New Delhi: A group of veterans from India’s special forces’ have come together in an attempt to create three world records — on land, air and underwater — with people with disabilities.

The first attempt will be made in May this year on land when the team, led by former 9 Para officer Major Vivek Jacob, will climb the world’s highest battlefield, Siachen Glacier, with the largest team of people with disabilities (PWDs). The team, expected to be around 20 members strong, will include not just ex-servicemen but also serving soldiers and civilians.

Following this, they plan to set a record for the largest team of PWDs doing accelerated free fall, in Dubai, and will later head to the Maldives where they will attempt scuba diving in the open sea.

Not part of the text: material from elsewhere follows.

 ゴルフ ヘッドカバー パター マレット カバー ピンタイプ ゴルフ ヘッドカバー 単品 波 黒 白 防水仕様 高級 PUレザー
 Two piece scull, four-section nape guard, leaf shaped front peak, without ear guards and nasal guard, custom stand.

“Special Forces is an instinct, a mindset. You don’t become special just because you have worn a particular uniform and carry a rifle. It is all about state of mind,” Major Jacob said as he launched the participant campaign to select people with disabilities for the Siachen trek Saturday.

About the range of disabilities the group can take on, the Major said for the Siachen trek, the group won’t choose those with spinal cord injuries.

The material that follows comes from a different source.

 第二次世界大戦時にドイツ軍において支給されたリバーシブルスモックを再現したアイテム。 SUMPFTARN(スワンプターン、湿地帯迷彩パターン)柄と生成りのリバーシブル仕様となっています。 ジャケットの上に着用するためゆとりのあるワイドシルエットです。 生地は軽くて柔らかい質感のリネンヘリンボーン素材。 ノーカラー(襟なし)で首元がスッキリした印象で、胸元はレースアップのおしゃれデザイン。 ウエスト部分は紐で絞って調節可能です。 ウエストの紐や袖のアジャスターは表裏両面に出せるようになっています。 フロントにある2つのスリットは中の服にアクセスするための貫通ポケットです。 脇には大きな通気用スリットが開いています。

“There will be those who are blind or have lost their limbs. For scuba diving, we train even those with spinal cord injuries,” he said, showing a video of a man in a wheelchair doing scuba diving.

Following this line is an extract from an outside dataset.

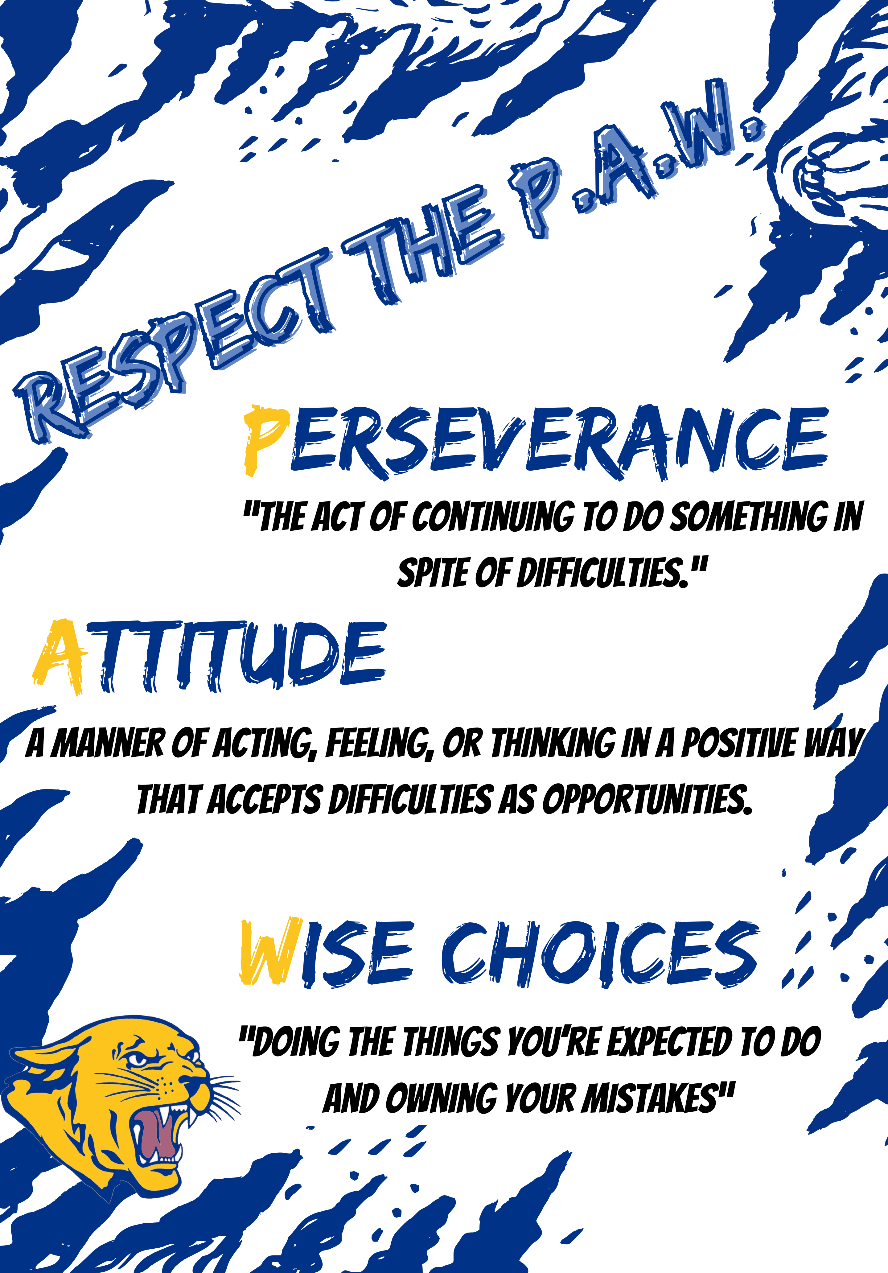 This picture explains the elements of the school wide expections known as PAW.  Perseverence, Attitude, Wise Choices

For the underwater activity, CLAW aims to create a team of 50 while for the accelerated free fall attempt, it wants a team of around 10 members.

What Is CLAW

Major Jacob set up the organisation of special forces’ veterans, called Conquer Land Air Water (CLAW).

“There are close to 12 crore people with one or the other kind of disabilities. But we don’t see them often because they live within the challenges of our society. The idea is to give every disabled person [the opportunity] to do something that they want to do,” Major Arun Ambathy, former 5 Para, said.

Major Ambathy, CLAW co-founder, said a chance meeting with an IAF officer, paralysed from his waist down, that inspired them to set up CLAW.

“Major Jacob’s parachute malfunctioned during a combat skydive in 2015 and [he] suffered a spinal cord injury. In hospital, he met with IAF officer Fl Lt Bhaduria who was permanently paralysed after a freak accident and was on wheelchair for four years. The IAF officer asked Major Jacob once if he can ever scuba dive. The Major promised him that he can and it eventually led to the forming of CLAW,” he said.

The group has now started a scuba training centre for PWDs in Pondicherry. “It has given tremendous hope and healing power to many who have come. The idea is to spread it across,” Major Jacob said, adding that the organisation, which was launched in 2019, has trained more than 100 people with disabilities in four cities.

CLAW is also in the process of formally tying up with the Paraplegic Rehabilitation Centre (PRC) of the Army in Pune and Chandigarh for institutionalised training.

“We have had serving soldiers with disabilities and veterans coming to us for training. But this was in their personal capacity. We are in the process of institutionalising this,” Major Jacob said, as he added that the idea is to see ability in disability.